What Does a Green Velocity Dashboard Fail to Show?

A green dashboard shows movement, and movement matters. Teams need to know whether work is flowing, leaders need signals, and product planning cannot run on vibes or the sacred spreadsheet someone updates at midnight. The problem is not that dashboards exist. The problem is that a dashboard can show visible progress while hiding invisible drag.

A velocity dashboard can tell you stories closed, points counted, sprint trend improved, and status green. Those signals are not worthless. They become dangerous only when we treat them as complete. What the dashboard may not tell you is whether the same work came back wearing a different ticket number, landing in a different queue, or quietly consuming a different team’s capacity.

This is the QBR Mirage. From above, the surface looks calm. Velocity is up, stories are closed, and the status is on track. Underneath, work may still be accumulating as defects, cleanup, clarifications, support, and reopened items. The mirage is not that the visible numbers are fake. The mirage is that the visible numbers get mistaken for the whole landscape.

It helps to notice who builds this route, because no one builds it on purpose. The same practical lens from earlier episodes applies here, and it is a lens, not a validated taxonomy. The Designers are the product leads and managers, like Talia, who choose the metrics and build the dashboard, because they need something visible to show progress. The Inspectors are the delivery leads and PMO functions, like Dev, who read that dashboard as a health signal and report it upward. The Enforcers are the finance and leadership stakeholders who turn last quarter’s velocity into next quarter’s commitment.

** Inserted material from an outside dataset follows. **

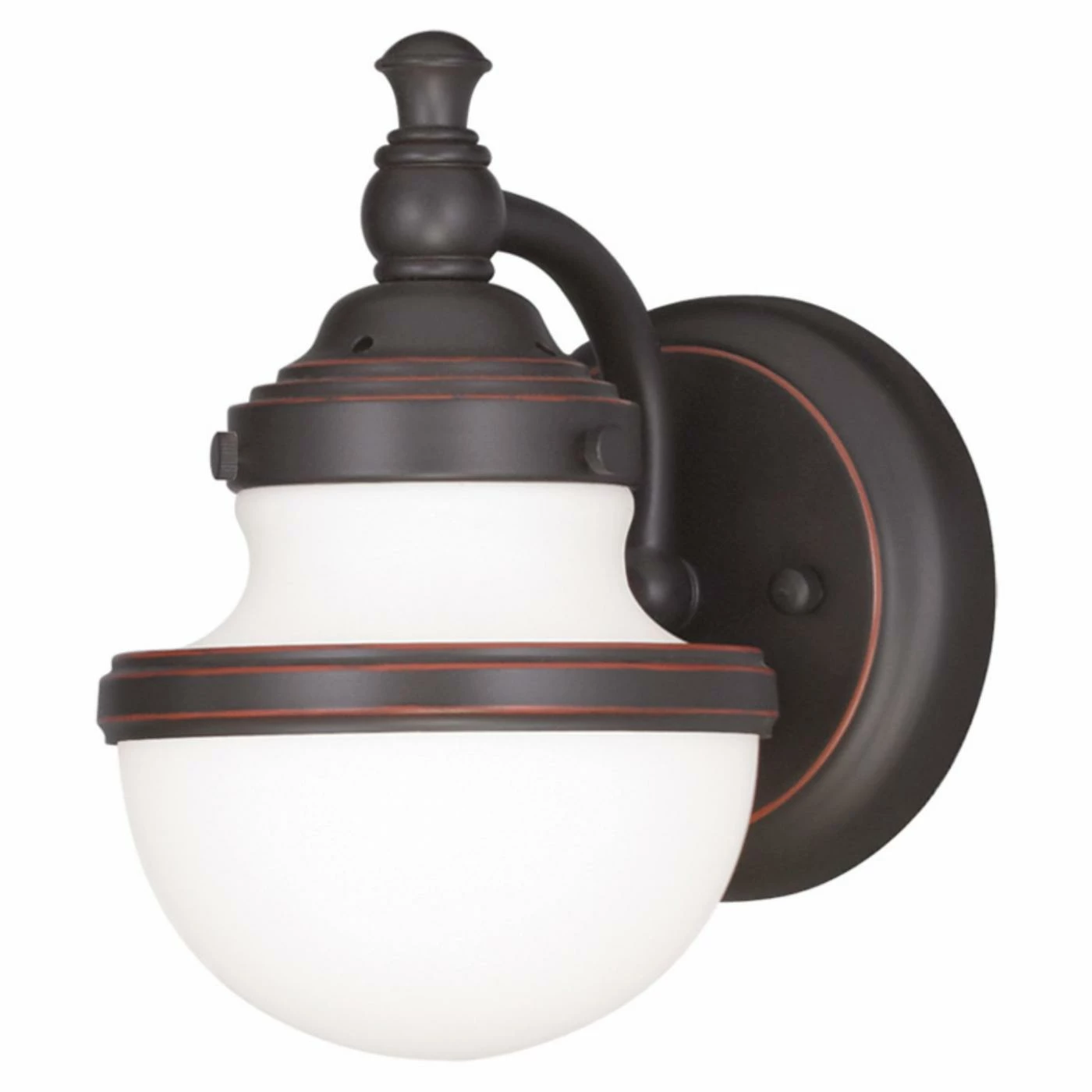 The old-world charm of the Livex Oldwick 5711 Wall Sconce is enhanced by a two-part shade of frosted glass that creates a warm, diffuse light that’s perfect for any part of the home. This damp-rated fixture features a metal body with a full range of finish options to fit your personal style. A single, 75-watt bulb creates the warm light that you’ll love to come home to.

Each role is doing its job. None is positioned to see the full cost when rework lands in support, operations, or the next sprint, which is the cost Marcus eventually found by hand. Changing any one actor does not fix the script. The route needs a better companion signal.

Why Is Velocity Useful, but Incomplete?

Velocity deserves a more honest defense than its loudest critics usually give it. Used locally, velocity can help a team forecast, support sprint planning, and notice whether its own delivery rhythm is changing. It can prompt useful conversations about capacity, scope, and sequencing. That is the useful part, and serious teams should not throw it away because someone online discovered a hot take and dressed it up as a principle.

The incomplete part begins when velocity leaves the team context and starts pretending to be a productivity score. Story points are relative, and velocity is team-specific. A team’s velocity is shaped by estimation habits, story slicing, domain complexity, dependencies, tooling, interrupt load, and Definition of Done. That makes velocity useful for local planning and risky for cross-team comparison. Treating velocity as a performance target, an individual score, or a cross-team comparison conflicts with the way story points are defined, which is as relative, team-specific estimates, and it invites gaming the number instead of improving the work.

That last risk has a name. Goodhart’s Law does not need a villain. It just needs a useful measure that becomes the target. When a team is rewarded for the velocity number itself, the rational moves are quiet ones: split stories into smaller points, defer the edge-case testing, lean on optimistic definitions of done. The chart climbs while the durable work slips. I am borrowing Goodhart’s Law as a lens here, not offering it as proof that velocity is doomed. It simply describes what happens to any honest signal once we point planning pressure at it.

So the key sentence is simple. Velocity helps a team plan, but velocity cannot, by itself, prove the work stayed done. That is the nuance too many metric debates lose. The argument is not that velocity is bad. The argument is that velocity is incomplete. Velocity needs witnesses. Quality, stability, flow, rework, and the people living inside the system all need to testify, because one metric should not be forced to impersonate the entire truth.

What Is the Difference Between Closure and Completion?

This is the distinction that makes the rest of the article work. Closure is administrative. Completion is operational. Closure means the ticket moved, the card crossed the board, the field changed to done, the points counted, and the report updated. Completion means the work survived real use. The feature held up, the fix did not reopen the problem, the dependency did not create a second wave, support did not inherit confusion, and the next sprint did not quietly pay the bill.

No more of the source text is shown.